# Data segment:
+--
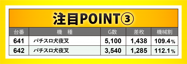 『パチスロ犬夜叉』は設置2台がどちらともプラス、両者共に差枚数+1千枚台を記録。
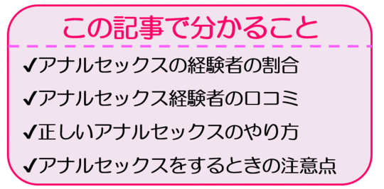 また、アナルセックスを経験したけど、どうも好きになれなかった人も実際多いです。
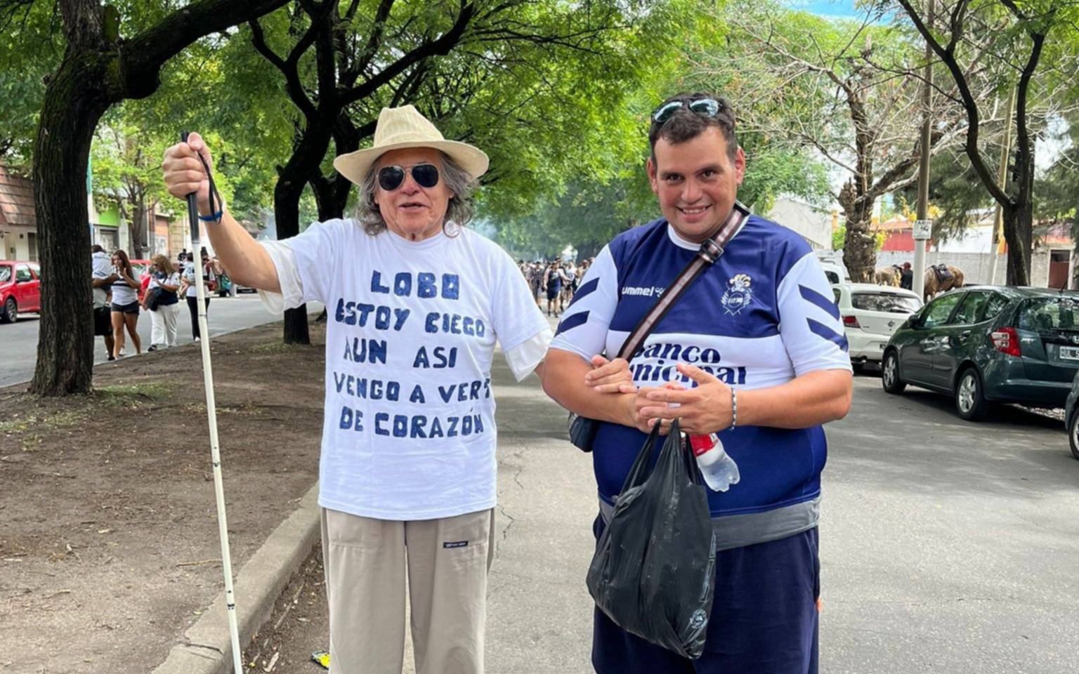 Acompañado por los suyos, Dante llega a la cancha ingresando por avenida 60. Camina tomado del brazo, con paso firme junto a su bastón, como quien conoce de memoria cada rincón. Y lleva una remera blanca que resume todo y que emociona a cualquiera que la lea: “Lobo estoy ciego aún así vengo a verte de corazón”, con letras azules.
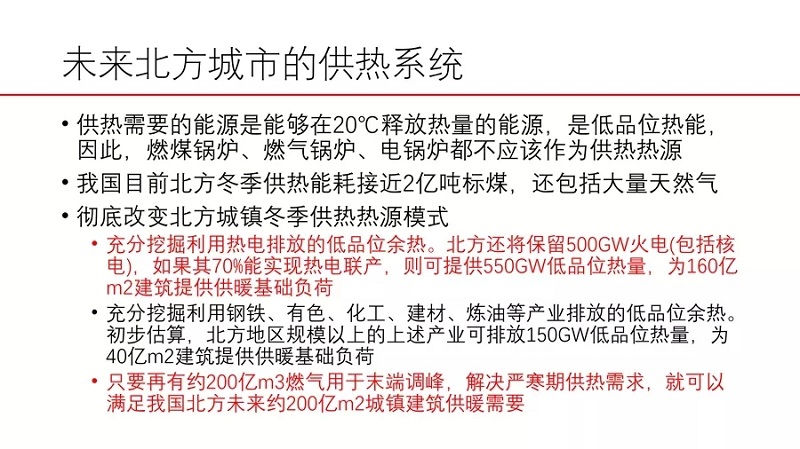 中國(guó)節(jié)能協(xié)會(huì)理事長(zhǎng)、中國(guó)工程院院士江億在中國(guó)節(jié)能協(xié)會(huì)舉辦的“2018中國(guó)節(jié)能與低碳發(fā)展論壇”上強(qiáng)調(diào),中國(guó)“缺油少氣”的資源狀況使我們很難按照西方的路徑煤改油氣,我國(guó)必須發(fā)展可再生能源與核能為主的能源供給系統(tǒng),與發(fā)達(dá)國(guó)家同步。在未來(lái)北方城市的供熱系統(tǒng)中,供熱需要的能源是能夠在20℃釋放熱量的能源,是低品位熱能,因此,燃煤鍋爐、燃?xì)忮仩t、電鍋爐都不應(yīng)該作為供熱熱源。
+--
# Task to complete:
Here the job is to print the data above exactly, except for any pictures.

# Response area:
 『パチスロ犬夜叉』は設置2台がどちらともプラス、両者共に差枚数+1千枚台を記録。
 また、アナルセックスを経験したけど、どうも好きになれなかった人も実際多いです。
 Acompañado por los suyos, Dante llega a la cancha ingresando por avenida 60. Camina tomado del brazo, con paso firme junto a su bastón, como quien conoce de memoria cada rincón. Y lleva una remera blanca que resume todo y que emociona a cualquiera que la lea: “Lobo estoy ciego aún así vengo a verte de corazón”, con letras azules.
 中國(guó)節(jié)能協(xié)會(huì)理事長(zhǎng)、中國(guó)工程院院士江億在中國(guó)節(jié)能協(xié)會(huì)舉辦的“2018中國(guó)節(jié)能與低碳發(fā)展論壇”上強(qiáng)調(diào),中國(guó)“缺油少氣”的資源狀況使我們很難按照西方的路徑煤改油氣,我國(guó)必須發(fā)展可再生能源與核能為主的能源供給系統(tǒng),與發(fā)達(dá)國(guó)家同步。在未來(lái)北方城市的供熱系統(tǒng)中,供熱需要的能源是能夠在20℃釋放熱量的能源,是低品位熱能,因此,燃煤鍋爐、燃?xì)忮仩t、電鍋爐都不應(yīng)該作為供熱熱源。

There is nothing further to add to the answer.